Despite pleading guilty in court, the Heenes still publicly maintain the incident was not a hoax, and instead an unhonest mistake. The only reason they pled guilty, they said, is because law enforcement threatened to deport Mayumi, who is Japanese, unless they took a plea deal. But Trainwreck presents a piece of evidence that seems hard to ignore: Footage of Mayumi Heene’s police interrogation, in which she appears to confess to the hoax, and admits to asking her kids to lie about Falcon being in the balloon.

In the footage, officer Bob Heffernan from the Larimer County Sheriff’s Office can be heard saying, “This was all a hoax.”

Balloon Boy mom Mayumi Heene from the police interrogation footage
Photo: Netflix

Mayumi doesn’t reply out loud, but appears to nod in the video. (A present-day Mayumi claims, in an interview for the documentary, that because her English was not good in 2009, she didn’t know what the word “hoax” meant.) But the real damning moment comes when Heffernan asks, “Did you tell the boys what you were doing?”
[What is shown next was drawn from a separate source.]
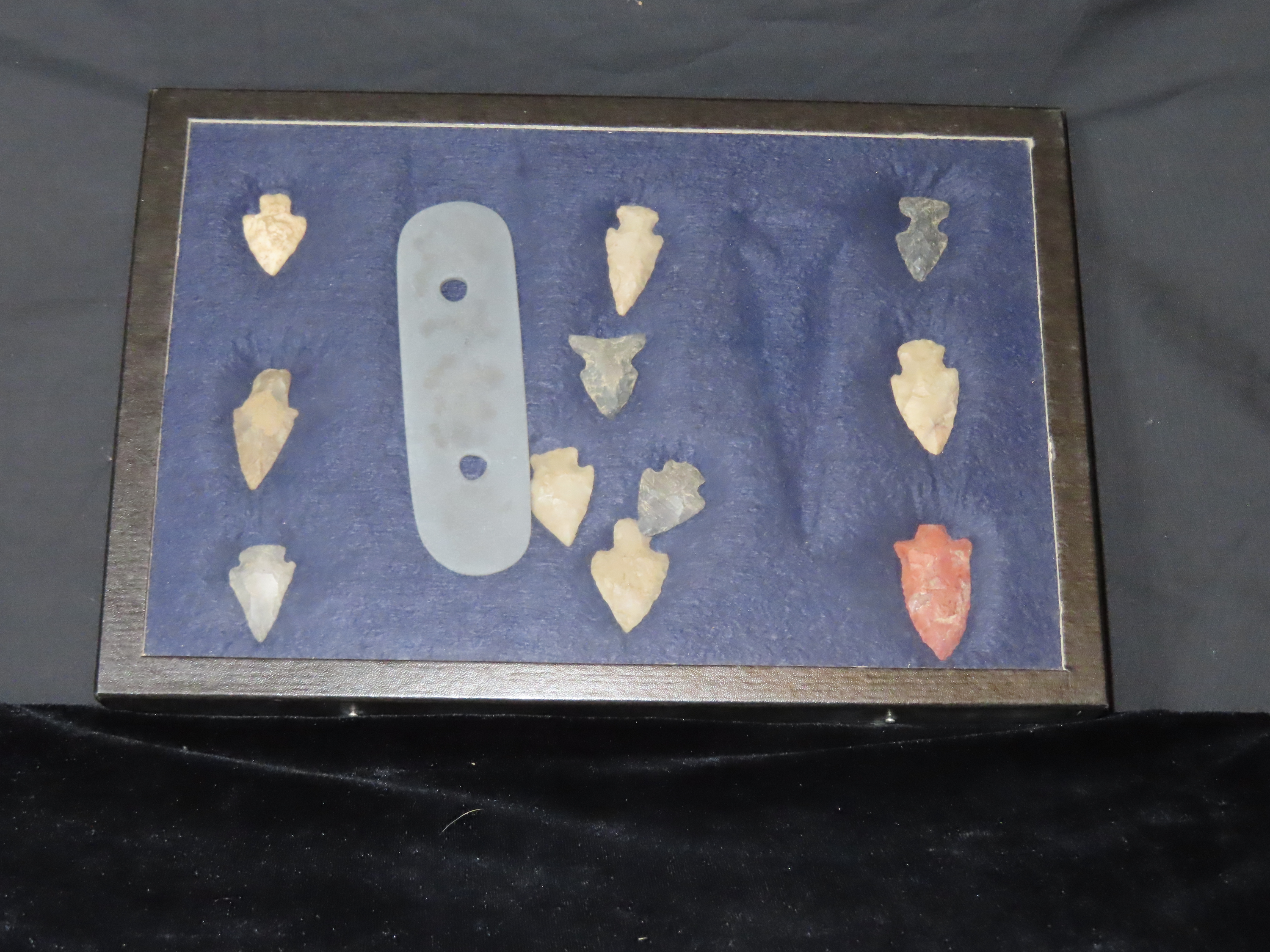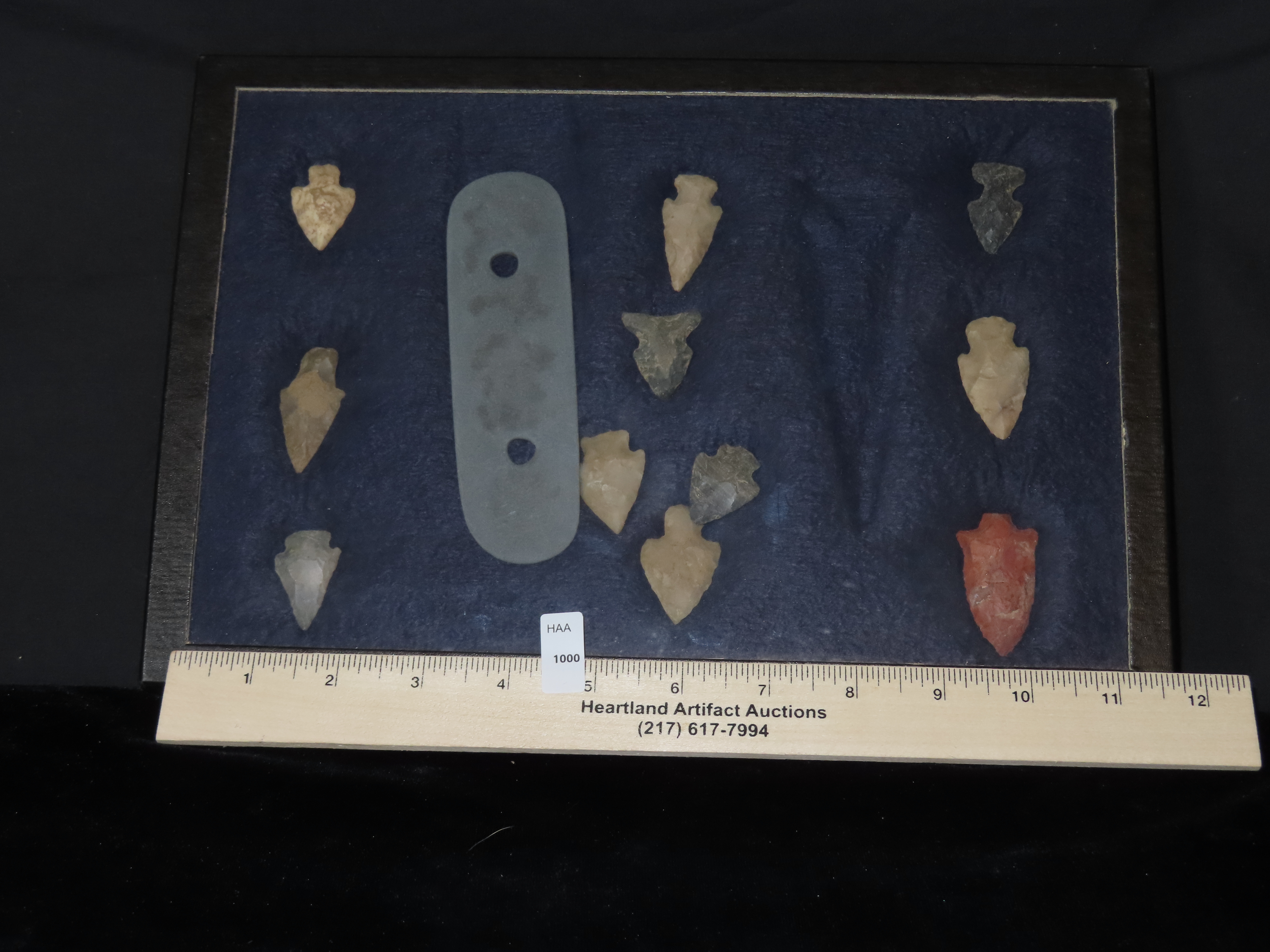 12″ x 8″ Frame of Arrowheads and Gorget ***REPRODUCTION***

“We told them,” Mayumi replies.

“How’d you get them to go along with it? Did you just ask them to act like their brother got up in the balloon?”

“Yeah,” Mayumi says. “Something like that.”

It seems hard to deny that Mayumi understood what she was being asked here. This was before lawyers got involved, and before Mayumi would have faced the threat of deportation. That said, we do also see footage of Heffernan pressing Mayumi as to where Falcon was during the incident, and her replying, consistently, “I really didn’t know.”

In his interview for the documentary, the Heenes’ attorney, David Layne, claims, “When you’re dealing with someone without a good grasp of the language, these leading questions are pretty much guaranteed to get false statements out of a suspect.”

If it was all a publicity stunt, it was a huge success. After all, here the family is, 15 years later, with their very own Netflix documentary. How’s that for justice?